The allowance includes any money paid into a defined contribution scheme in a tax year by you or your employer, plus any increase in a defined benefit scheme in a tax year.  

If you have any pension savings from the previous three years that are more than the annual allowance, you may be entitled to carry this over. 

Although the changes to the annual allowance will benefit many in the UK, in some instances your annual allowance may still be lower than £60,000.  

This could be due to a high income, or if you have flexibly accessed your pension pot. If you are unsure about this or need pensions advice, please speak to an independent financial adviser.  

Lifetime allowance 

The lifetime allowance, which is currently £1,073,100, is the overall amount of money you can add towards your pension before you are taxed. 

From the 2023/24 tax year, anyone taking out a pension will not face the lifetime allowance, and as of the 2024/25 tax year, the lifetime allowance will be fully abolished, including for existing pensions. 

While the annual allowance will curb the amount you can save to an extent, the absence of a lifetime allowance should push more people into saving more for their pensions.  

With the lack of a lifetime allowance, you should consider the options open to you to save as much money as you can into your pension pot. An independent financial adviser can assist you with this. 
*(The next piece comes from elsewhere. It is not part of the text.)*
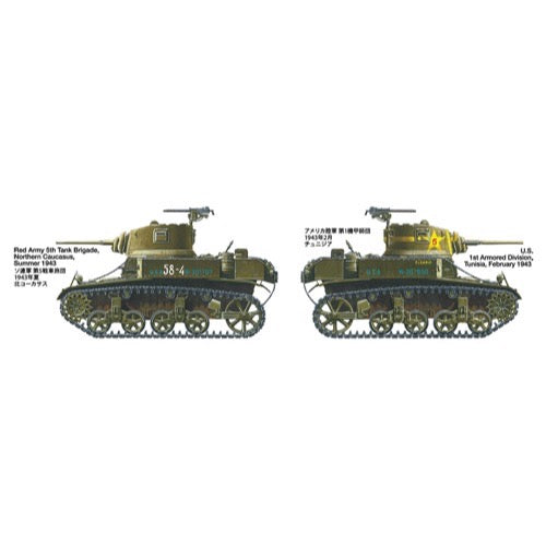 Spring 1940: watching on as Nazi German forces swept through Western Europe, U.S. military planners concluded that a replacement was needed for their M2A4, which was rapidly looking obsolete. Their immediate answer was the M3 light tank, which began production in March 1941, the original design employing a riveted hull and 250hp engine, with firepower provided by the 37mm main gun. Late production variants had a new lowered turret without cupola, with some later models having their sponson machine guns removed. The M3 not only fought in U.S. colors in North Africa, it was also supplied to the Red Army via Britain, serving in reconnaissance and infantry support roles.

Money purchase annual allowance and tapered annual allowance 

Positive amendments were also made by the Government to the money purchase annual allowance and tapered annual allowance.  

The money purchase annual allowance affects those who have started to withdraw from their pension but are still paying into it. Before 6 April 2023, the amount that you could contribute to your pension before being taxed was just £4,000 but has now increased to £10,000.  

Are you withdrawing from your pension but still want to contribute to it? The increase to the money purchase annual allowance gives greater flexibility for those wanting to do so, please speak to a financial adviser for more advice.  

The tapered annual allowance affects those whose threshold income is over £200,000 and whose adjusted income is £260,000.  

This adjusted income threshold has been increased to £260,000 from £240,000.  

Independent financial advice 

While the recent Government changes to pension savings are seen as a positive for many across the country, it is important that individuals plan accordingly and make sure that they are fully aware of their financial thresholds to ensure that they make the most of these amendments.